WORK ORDER:
Could you please transcribe the data exactly, without the pictures?

INFORMATION SUPPLIED:
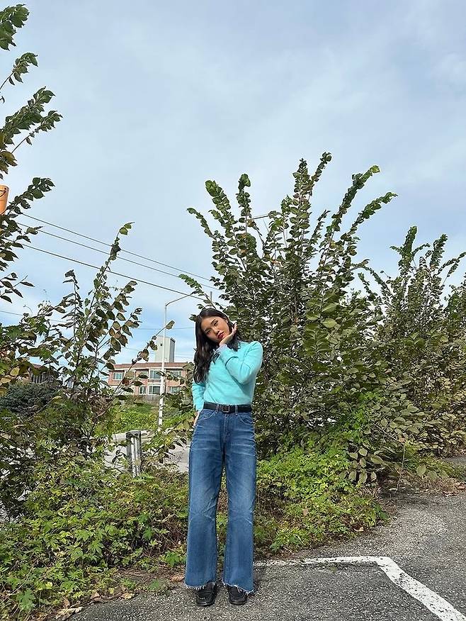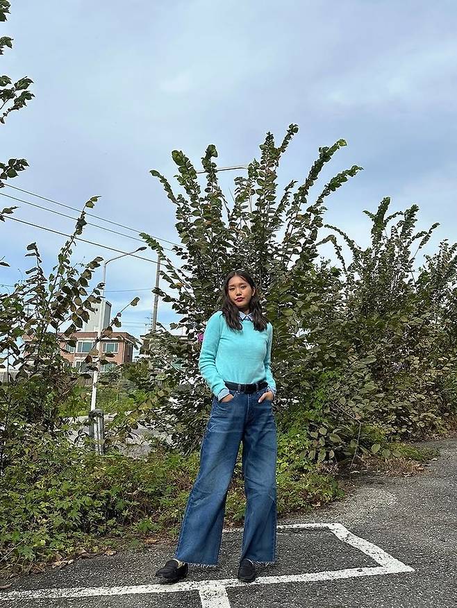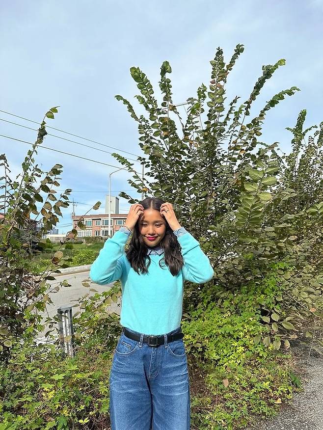 밝고 경쾌한 파란색 스웨터와 차분한 루즈핏 청바지를 매치해 산뜻하면서도 여유로운 가을 분위기를 연출했다. 흐린 하늘 아래에서도 특유의 생기 넘치는 표정과 자연스러운 스타일링이 조화를 이뤘다.
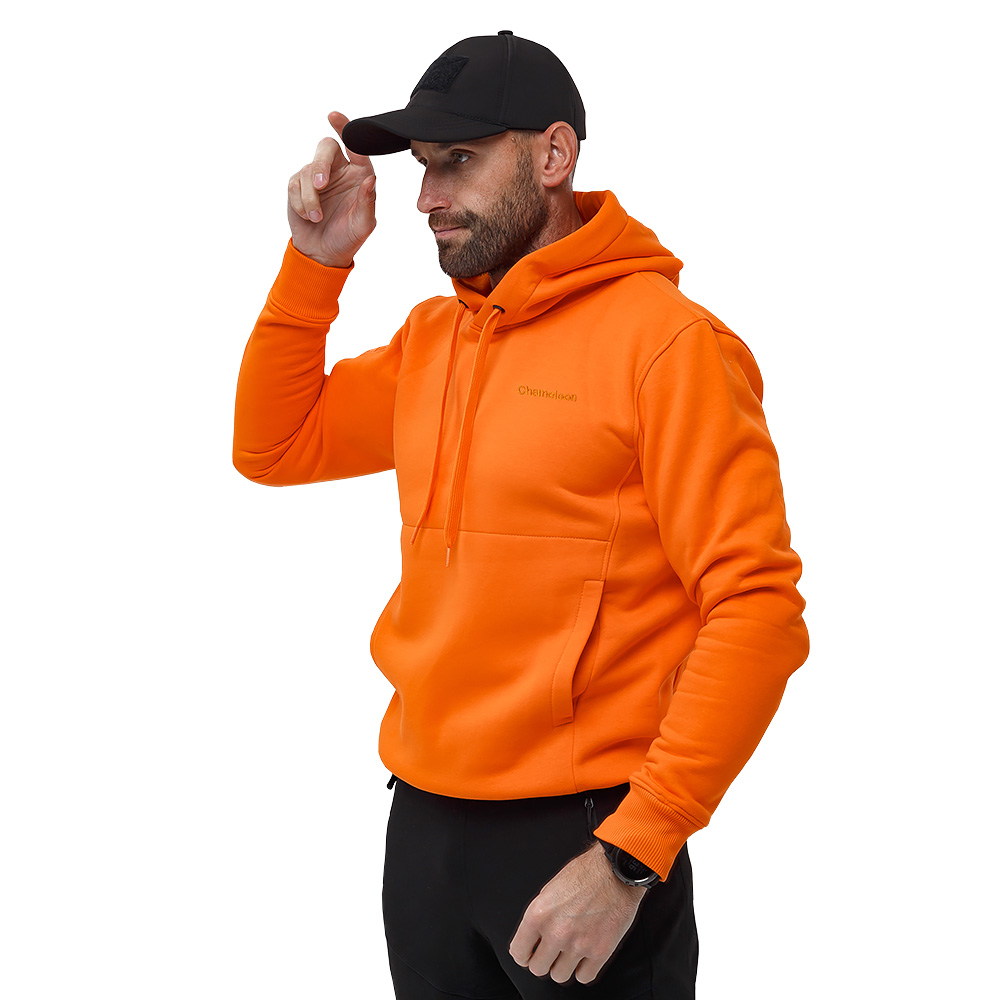 Оранжевый худи мужской Anorak warm Gen2 Orange с логотипом бренда Chameleon изготовлена из мягкого, приятного на ощупь качественного трикотажа с начесом (хлопок 80%, полиэстер 20%, плотностью 320 г/м2). Оранжевый худи мужской с капюшоном, который регулируется благодаря широкому шнурку. Спереди оранжевого худи расположен функциональный большой сквозной удобный карман.
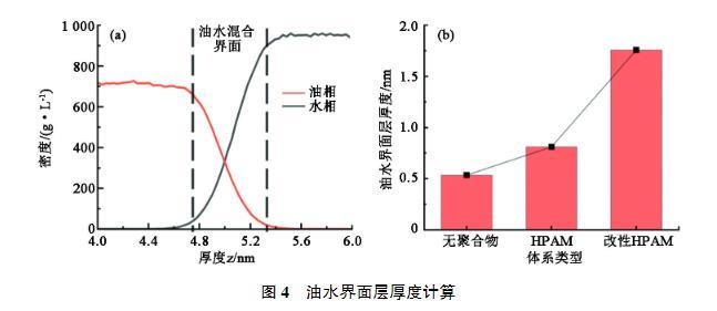 界面層厚度能夠反映油水界面處兩相的混合情況,一般來說界面厚度越大說明兩相之間的排斥越小,互溶效果越好,界面張力越低。參考Ricardo Paredes等的方法,選取密度低于油和水密度峰值90%的區(qū)域作為油水混合界面,如圖4(a)所示。計(jì)算得到的界面層厚度見圖4(b)。可以發(fā)現(xiàn),加入HPAM對(duì)于界面層影響很小,改性HPAM的加入可以大幅提高油水界面層厚度。這也反映出未改性HPAM油水界面依然比較清晰,兩相界限明顯,界面處油分子和水分子受力不均勻的現(xiàn)象依然嚴(yán)重;改性HPAM疏水基團(tuán)進(jìn)入油相中,引起z方向油水分布重疊區(qū)域變大,油水界面區(qū)域擴(kuò)展,油水界面變得凹凸不平,油水相的“螯合”加強(qiáng),界面處分子受力不均衡得到了緩解,有利于界面張力降低。

FINISHED EXERCISE:
 밝고 경쾌한 파란색 스웨터와 차분한 루즈핏 청바지를 매치해 산뜻하면서도 여유로운 가을 분위기를 연출했다. 흐린 하늘 아래에서도 특유의 생기 넘치는 표정과 자연스러운 스타일링이 조화를 이뤘다.
 Оранжевый худи мужской Anorak warm Gen2 Orange с логотипом бренда Chameleon изготовлена из мягкого, приятного на ощупь качественного трикотажа с начесом (хлопок 80%, полиэстер 20%, плотностью 320 г/м2). Оранжевый худи мужской с капюшоном, который регулируется благодаря широкому шнурку. Спереди оранжевого худи расположен функциональный большой сквозной удобный карман.
 界面層厚度能夠反映油水界面處兩相的混合情況,一般來說界面厚度越大說明兩相之間的排斥越小,互溶效果越好,界面張力越低。參考Ricardo Paredes等的方法,選取密度低于油和水密度峰值90%的區(qū)域作為油水混合界面,如圖4(a)所示。計(jì)算得到的界面層厚度見圖4(b)。可以發(fā)現(xiàn),加入HPAM對(duì)于界面層影響很小,改性HPAM的加入可以大幅提高油水界面層厚度。這也反映出未改性HPAM油水界面依然比較清晰,兩相界限明顯,界面處油分子和水分子受力不均勻的現(xiàn)象依然嚴(yán)重;改性HPAM疏水基團(tuán)進(jìn)入油相中,引起z方向油水分布重疊區(qū)域變大,油水界面區(qū)域擴(kuò)展,油水界面變得凹凸不平,油水相的“螯合”加強(qiáng),界面處分子受力不均衡得到了緩解,有利于界面張力降低。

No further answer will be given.